**Aim of the exercise**.
Find the line with "切った網を屋根の上で作業している隊長へ渡して、私は床下の換気口の閉塞へ" in the entries below, then reproduce it and every line after it down to and including the line with "полуниця, папайя, інші);", exactly.

**Records supplied**.

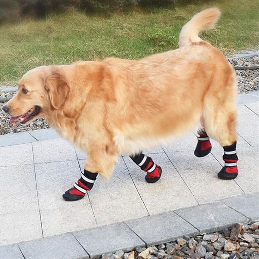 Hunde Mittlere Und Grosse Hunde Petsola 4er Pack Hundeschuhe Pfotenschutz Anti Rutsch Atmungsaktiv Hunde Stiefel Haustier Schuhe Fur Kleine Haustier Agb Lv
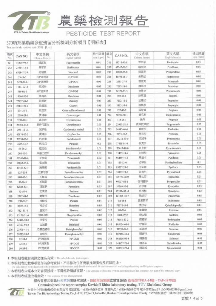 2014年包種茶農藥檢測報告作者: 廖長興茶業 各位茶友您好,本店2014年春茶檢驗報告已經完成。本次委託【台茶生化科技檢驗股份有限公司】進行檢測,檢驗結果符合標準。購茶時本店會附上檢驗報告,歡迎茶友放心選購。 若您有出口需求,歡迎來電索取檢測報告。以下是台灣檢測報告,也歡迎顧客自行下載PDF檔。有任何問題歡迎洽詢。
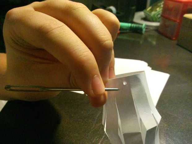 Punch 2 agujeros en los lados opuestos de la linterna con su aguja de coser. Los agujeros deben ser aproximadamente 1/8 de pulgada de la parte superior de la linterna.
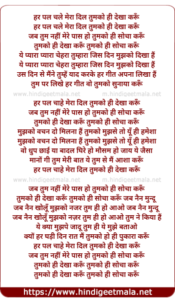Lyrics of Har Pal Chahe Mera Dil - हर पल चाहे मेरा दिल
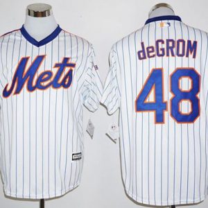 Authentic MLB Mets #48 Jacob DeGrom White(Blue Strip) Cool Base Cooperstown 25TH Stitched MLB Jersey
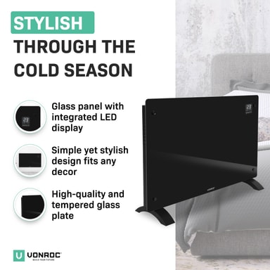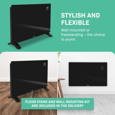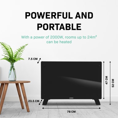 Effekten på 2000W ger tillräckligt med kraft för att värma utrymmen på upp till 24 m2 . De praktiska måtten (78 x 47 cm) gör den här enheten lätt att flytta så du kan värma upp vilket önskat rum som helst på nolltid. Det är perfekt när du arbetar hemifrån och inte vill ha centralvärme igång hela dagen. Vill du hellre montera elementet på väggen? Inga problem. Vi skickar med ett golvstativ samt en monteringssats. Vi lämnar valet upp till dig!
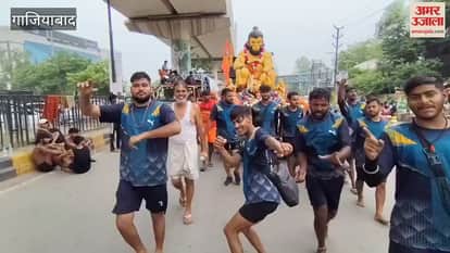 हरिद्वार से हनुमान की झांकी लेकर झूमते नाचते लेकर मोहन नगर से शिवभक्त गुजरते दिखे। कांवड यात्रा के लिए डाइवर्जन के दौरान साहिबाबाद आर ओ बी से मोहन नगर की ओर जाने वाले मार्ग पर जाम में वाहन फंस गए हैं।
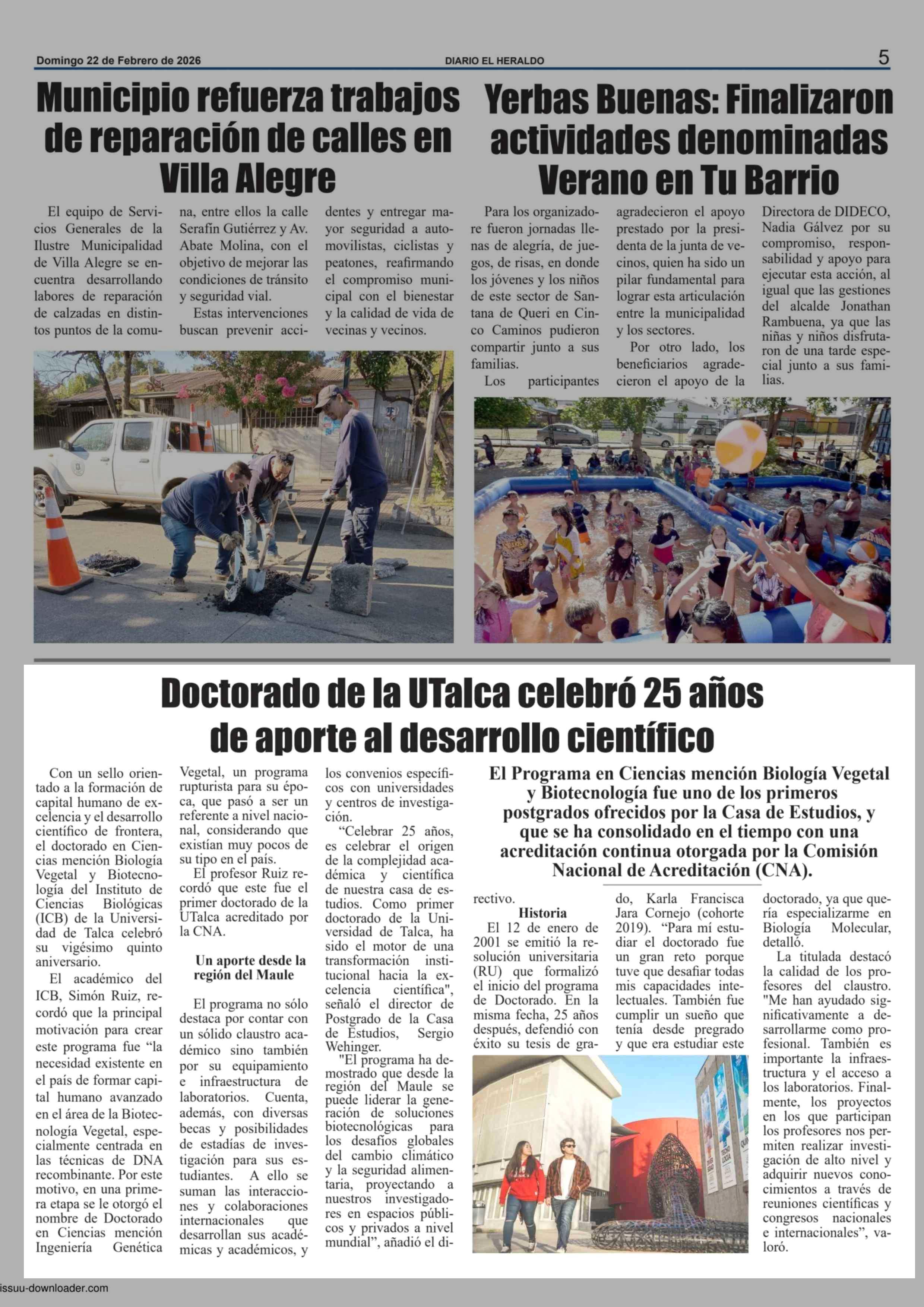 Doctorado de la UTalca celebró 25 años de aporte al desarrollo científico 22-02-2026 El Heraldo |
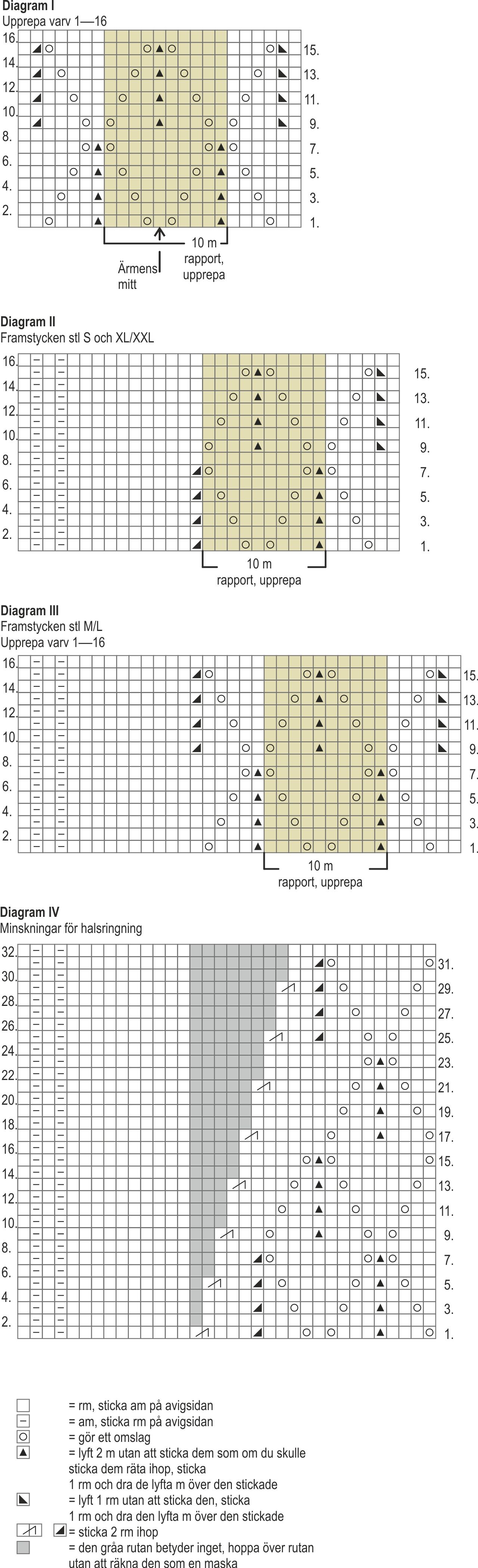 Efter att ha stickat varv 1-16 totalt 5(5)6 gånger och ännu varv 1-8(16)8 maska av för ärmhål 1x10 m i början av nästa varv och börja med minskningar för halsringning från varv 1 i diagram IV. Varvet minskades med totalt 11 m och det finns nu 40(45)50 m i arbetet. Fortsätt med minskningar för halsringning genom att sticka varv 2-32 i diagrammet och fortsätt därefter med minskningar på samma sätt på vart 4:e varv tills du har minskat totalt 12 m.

---

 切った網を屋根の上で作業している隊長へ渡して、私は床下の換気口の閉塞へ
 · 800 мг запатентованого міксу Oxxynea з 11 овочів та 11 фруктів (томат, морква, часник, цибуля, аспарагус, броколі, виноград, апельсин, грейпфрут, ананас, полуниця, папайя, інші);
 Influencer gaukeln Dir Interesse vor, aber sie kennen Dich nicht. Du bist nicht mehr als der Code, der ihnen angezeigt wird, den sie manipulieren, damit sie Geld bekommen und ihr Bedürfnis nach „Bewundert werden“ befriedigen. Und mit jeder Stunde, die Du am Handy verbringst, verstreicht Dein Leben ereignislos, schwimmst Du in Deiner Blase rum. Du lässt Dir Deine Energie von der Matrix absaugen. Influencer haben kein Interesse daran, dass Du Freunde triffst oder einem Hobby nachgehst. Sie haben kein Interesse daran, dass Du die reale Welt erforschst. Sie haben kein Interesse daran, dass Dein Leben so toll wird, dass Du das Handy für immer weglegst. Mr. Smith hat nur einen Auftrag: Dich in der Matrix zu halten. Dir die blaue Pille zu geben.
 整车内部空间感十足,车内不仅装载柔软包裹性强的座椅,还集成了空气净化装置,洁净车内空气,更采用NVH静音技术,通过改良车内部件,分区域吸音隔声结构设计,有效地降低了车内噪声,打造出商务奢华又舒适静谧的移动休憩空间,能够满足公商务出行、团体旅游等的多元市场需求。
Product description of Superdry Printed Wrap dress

---

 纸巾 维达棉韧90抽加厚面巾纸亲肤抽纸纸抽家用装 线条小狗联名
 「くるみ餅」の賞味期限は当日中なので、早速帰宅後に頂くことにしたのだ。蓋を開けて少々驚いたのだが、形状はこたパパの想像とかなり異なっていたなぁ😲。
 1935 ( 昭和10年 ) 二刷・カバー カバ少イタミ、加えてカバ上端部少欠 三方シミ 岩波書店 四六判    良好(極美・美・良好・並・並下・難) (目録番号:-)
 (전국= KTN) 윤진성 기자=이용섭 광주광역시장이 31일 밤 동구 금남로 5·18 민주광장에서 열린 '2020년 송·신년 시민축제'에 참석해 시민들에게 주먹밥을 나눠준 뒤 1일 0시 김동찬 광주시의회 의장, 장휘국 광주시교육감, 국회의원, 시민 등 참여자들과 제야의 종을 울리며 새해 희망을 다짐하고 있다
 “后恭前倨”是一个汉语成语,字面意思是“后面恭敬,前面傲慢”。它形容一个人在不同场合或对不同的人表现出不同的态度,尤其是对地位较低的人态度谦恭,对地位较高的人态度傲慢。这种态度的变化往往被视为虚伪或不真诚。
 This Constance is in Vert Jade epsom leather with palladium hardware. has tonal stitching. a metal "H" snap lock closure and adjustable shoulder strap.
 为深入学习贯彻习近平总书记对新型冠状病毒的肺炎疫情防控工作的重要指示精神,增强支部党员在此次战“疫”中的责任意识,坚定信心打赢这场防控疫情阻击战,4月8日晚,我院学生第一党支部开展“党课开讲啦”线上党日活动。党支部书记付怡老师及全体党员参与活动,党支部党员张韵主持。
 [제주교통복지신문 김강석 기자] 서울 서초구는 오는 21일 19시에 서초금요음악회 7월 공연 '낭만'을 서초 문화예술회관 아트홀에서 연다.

**Output of the exercise**.
 切った網を屋根の上で作業している隊長へ渡して、私は床下の換気口の閉塞へ
 · 800 мг запатентованого міксу Oxxynea з 11 овочів та 11 фруктів (томат, морква, часник, цибуля, аспарагус, броколі, виноград, апельсин, грейпфрут, ананас, полуниця, папайя, інші);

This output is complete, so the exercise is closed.